– Кости. Пальцы, суставы, позвонки, сломанные кусочки запястий. Мощи святых. Для защиты.
Матиас отпрянул с отвращением.
– Равкианцы носят с собой человеческие кости?
– А вы разговариваете с деревьями. Это суеверие.
– Это действительно мощи святых?
Нина пожала плечами.
– Их откапывают на кладбищах и полях сражений. В Равке их полно. Если людям нравится верить, что они носят с собой локоть Санкт-Эгмонда или мизинчик Санкты-Алины…
– Кто вообще решил, что Алина Старкова была святой? – проворчал Матиас. – Она была могущественным гришом. Это не одно и то же.
– Ты так уверен? – полюбопытствовала Нина, чувствуя, как в ней пробуждается злость. Одно дело, когда она считает равкианские обычаи немного отсталыми, а другое – когда их осуждает Матиас. – Я собственными глазами видела Ледовый Двор, Матиас. Неужели легче поверить, что это место было возведено рукой бога, чем гришом с талантами, которые твои люди не понимают?
– Это совершенно другое.
– Алина Старкова была нашей ровесницей, когда ее сделали мученицей. Она была обычной девочкой и пожертвовала собой, чтобы спасти Равку и уничтожить Тенистый Каньон. В твоей стране тоже есть люди, которые поклоняются ей как святой.
Матиас нахмурился.
– Это не…
– Если ты скажешь «неестественно», я сделаю тебе зубы как у бобра.
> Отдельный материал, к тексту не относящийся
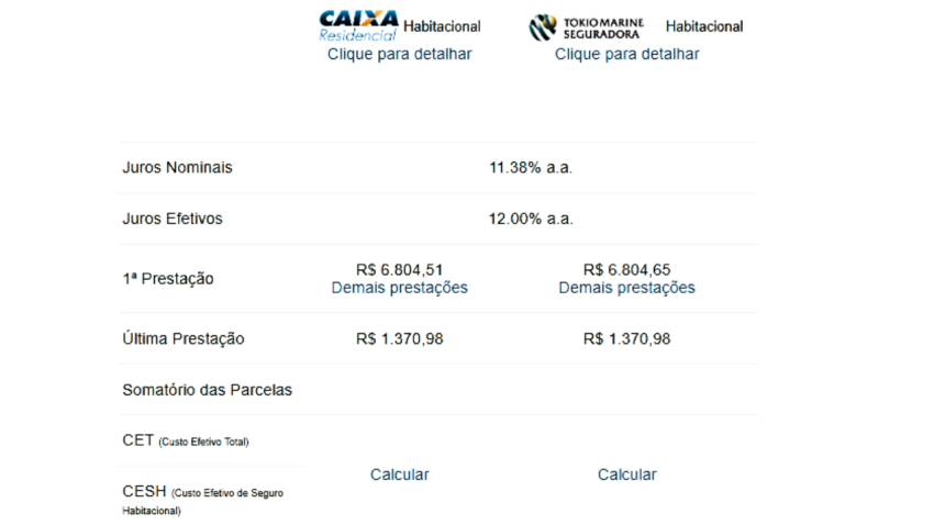 Se você utilizar um saldo de R$5.000,00 de FGTS, teremos em cada etapa

– Ты действительно на это способна?
– Я определенно могу попробовать. – Она была несправедлива. Равка была ее домом, но для Матиаса она считалась вражеской территорией. Может, он и нашел способ смириться с ней, но для того, чтобы он принял целую нацию с ее культурой, потребуется куда больше работы. – Возможно, мне стоило пойти одной. Ты можешь подождать у лодки.
Парень напрягся.
– Ни в коем случае. Ты понятия не имеешь, что тебя может ждать А если шуханцы добрались и до твоих друзей…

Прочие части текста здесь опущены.